O'Connell said he had tried to tighten the gap with policies that included a high school exit exam, an emphasis on "rigor" and "relevance" in education and increased funding for impoverished schools. However, his spokesman, Rick Miller, said of last week's shift in emphasis to race: "Part of this is an acknowledgment that what we've been doing at the state level isn't working."
In an interview, O'Connell added that part of the problem is "institutional bias or racism" in the public school system. "The system does treat some people differently, and race does have a role to play," he said.
O'Connell added he will wait to hear from an advisory body he created before deciding what changes in policy are needed. Asked if he will advocate differentiated instruction and learning materials for different racial groups, he said, "I think so." He also said he intended to "look at strategies that go beyond just education" and involve businesses, churches and the community.
David L. Brewer, superintendent of the Los Angeles Unified School District, said he welcomed O'Connell's heightened attention to the issue, and said that he, too, has been looking for ways to raise the performance of African American and Latino students.
There are strategies that are known to be effective, and schools, some in his district, can be used as case studies of what works, he said.
"The key is personalized instruction and teachers who don't allow students to fail," he said. "And then you get the results you expect to get. We know what works; it's making everybody do what works."

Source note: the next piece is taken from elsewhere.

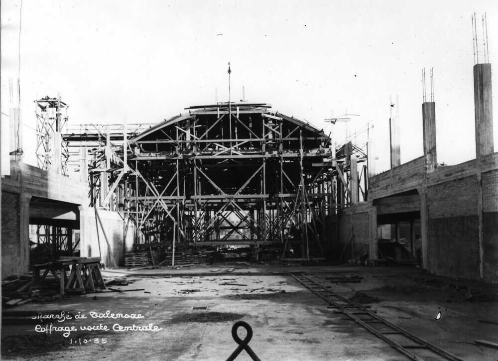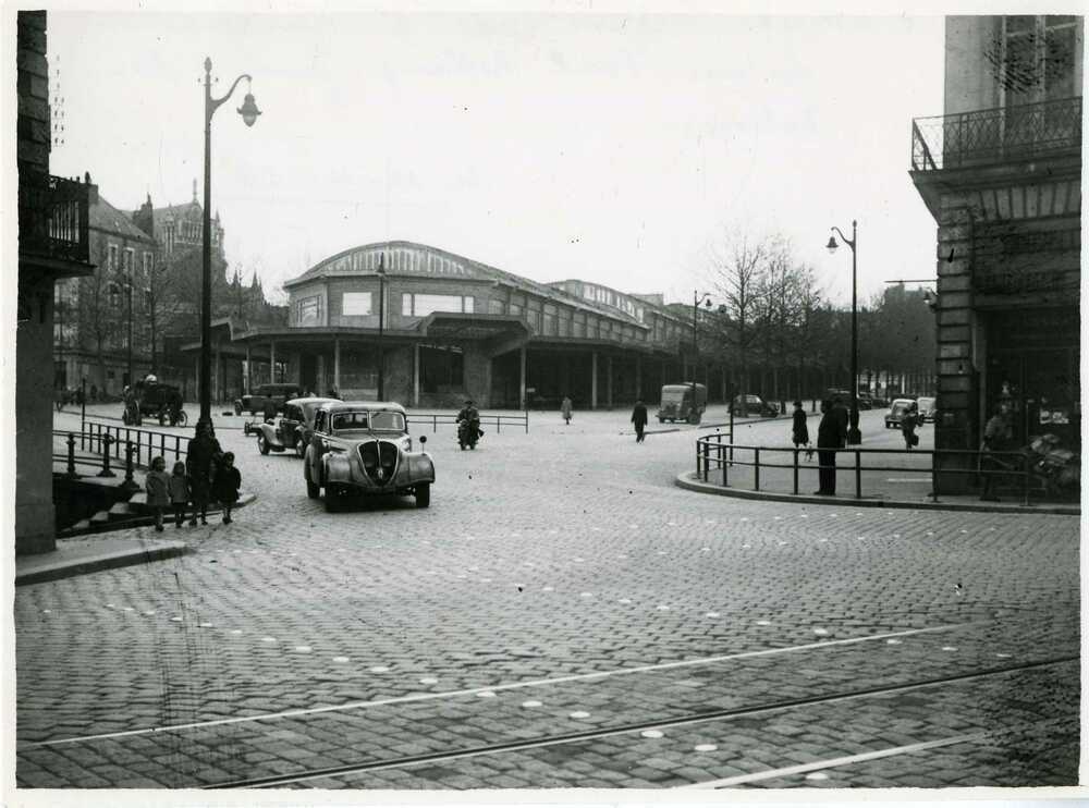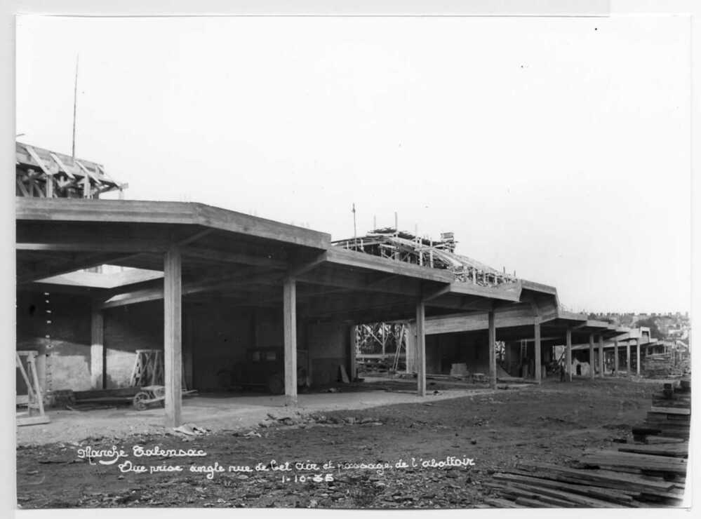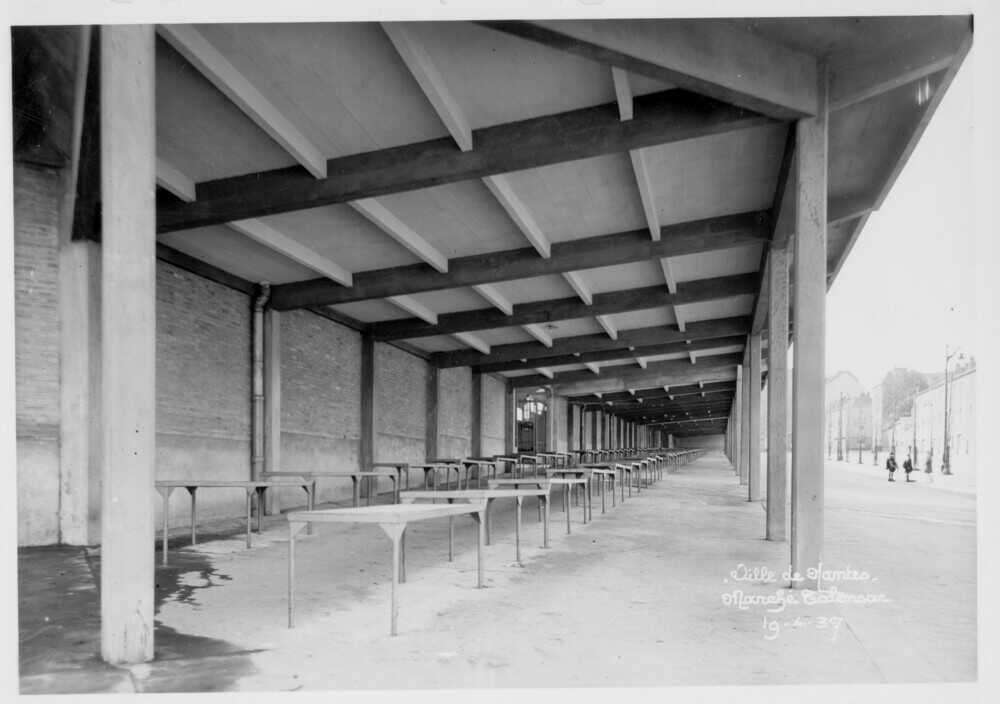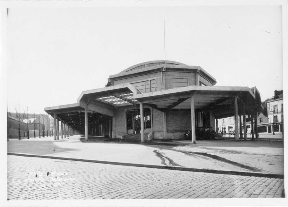 Le bâtiment et l’aménagement du marché sont définis par Léopold Cassegrain, maire de 1929 à 1935 : « L'emplacement laissé libre par les abattoirs sera aménagé en vaste esplanade comprenant, à l'extrémité Ouest, du côté de la rue Bel Air, une partie couverte et fermée garnie de tables et affectée à la boucherie et à la charcuterie et, sur le reste de la surface, un large terre plein pour moitié couvert et pour moitié en plein air où s'installeront les marchands de légumes et de poissons et les petits producteurs. »

In that respect, he said, he'll talk to employee unions about modifying work rules to allow for longer school days and more flexible schedules within the school day.
Brewer said that although L.A. Unified had made strides in academic achievement at elementary schools, "after the fourth grade, something is happening with African American and Latino students."
And the solution does not entirely lie in the schools, Brewer said. Responsibility also lies with the family: "We're going to have to make sure parents understand this is a problem," he said. "Our black and brown children can do math and science: We want that message loud and clear in your homes. We want parents to make sure they're holding their children accountable."